I held the Crown up to my eyes. In the sun, it glinted, and the metal seemed to be almost awash with multiple dancing lights. "So what exactly am I supposed to do with this?" I asked.
"Defeat the evil that threatens the city," Nirir informed me.
"Right," I said. "Great. How? Do you guys happen to have any master swordsmen around who can train me in how to not be awful with this thing?"
"Well, no," Nirir admitted. "We just sort of assumed you would know what to do with it."
I stared at Nirir, and then I stared at Miratus. I was suddenly hit with the realization that there was absolutely no one involved in this, not me, nor Nirir or Mraw or Miratus or Giratina, had any idea what they were doing. We were all just blindly flailing around in the dark and hoping that we weren't killed by Serpentfolk or demon-worshipping mice.
What had they sent me to get? A Crown. A magical weapon. They sent me to grab the weapon that had been used to exterminated the Orcs in times long past. Is that what they were hoping I would do? Slaughter all the mice in the city with my new magic crown and magic sword?
Cordelia's words came back to me. I thought of how she had mused about her own motives, how the idea of freeing, saving, and integrating the Orcs into the world would have been more difficult than the genocide she chose. I thought of her fate and the fate of her brother.
And that's when I realized, even if I had known what I was doing, even if I was some kind of badass adventurer who could cut a bloody path through all his foes, I still wouldn't be able to do this alone. At least, not correctly. Not right.
Blue. Cordelia had said my mark was blue, while her brother's had been red. Each of Fate's three heads was a different color, and that meant that I had been marked by a different head than Arcturus. My destiny did not have to be his destiny. I did not have to be stained with blood as he was.

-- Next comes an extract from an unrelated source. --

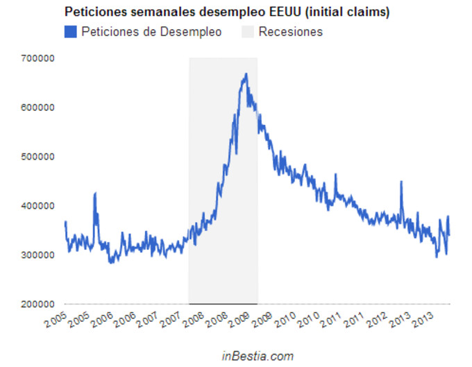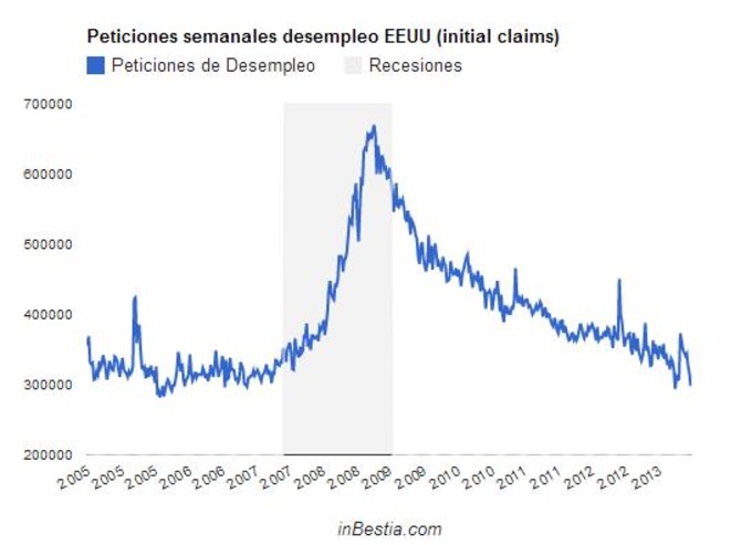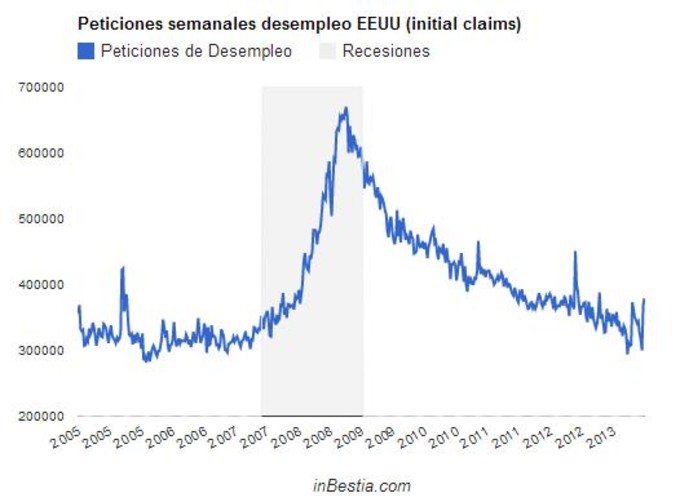 EEUU Peticiones Paro +298.000 (semana) En la última semana el número de peticiones del seguro de desempleo se redujo significativamente hasta las 298.000, cifra que se encuentra en el rango bajo del último... 5 de diciembre, 2013

"You call me Peacemaker," I muttered.
"Yes?" Nirir prodded.
"Go get Mraw," I told him, and then I told Miratus: "and you get Giratina. I want them together, talking. I want a treaty. You call me 'Peacemaker,' so it's about time I make some peace."
"You want an alliance?" Nirir asked. "Between the cats and the rats?"
"The royal advisors will oppose that," Miratus noted. "They will fight tooth and claw to keep such a treaty from forming."
"Will they succeed?" I asked.
Rats can't smile, not like humans and elves and dwarves can, but in that moment, I got the distinct impression that Miratus was smiling anyway. "Absolutely not."
Plans were made, a meeting place decided upon. Nirir and Miratus would bring their respective monarchs at the appointed time to a summit, where I, a lowly shopkeeper, would preside over a meeting of nations.
I would not make the same mistakes as Arcturus and Cordelia. I would not damn myself as they had. If I was marked by destiny, then I would fulfill my fate on my terms.
It was time for me to become the Peacemaker.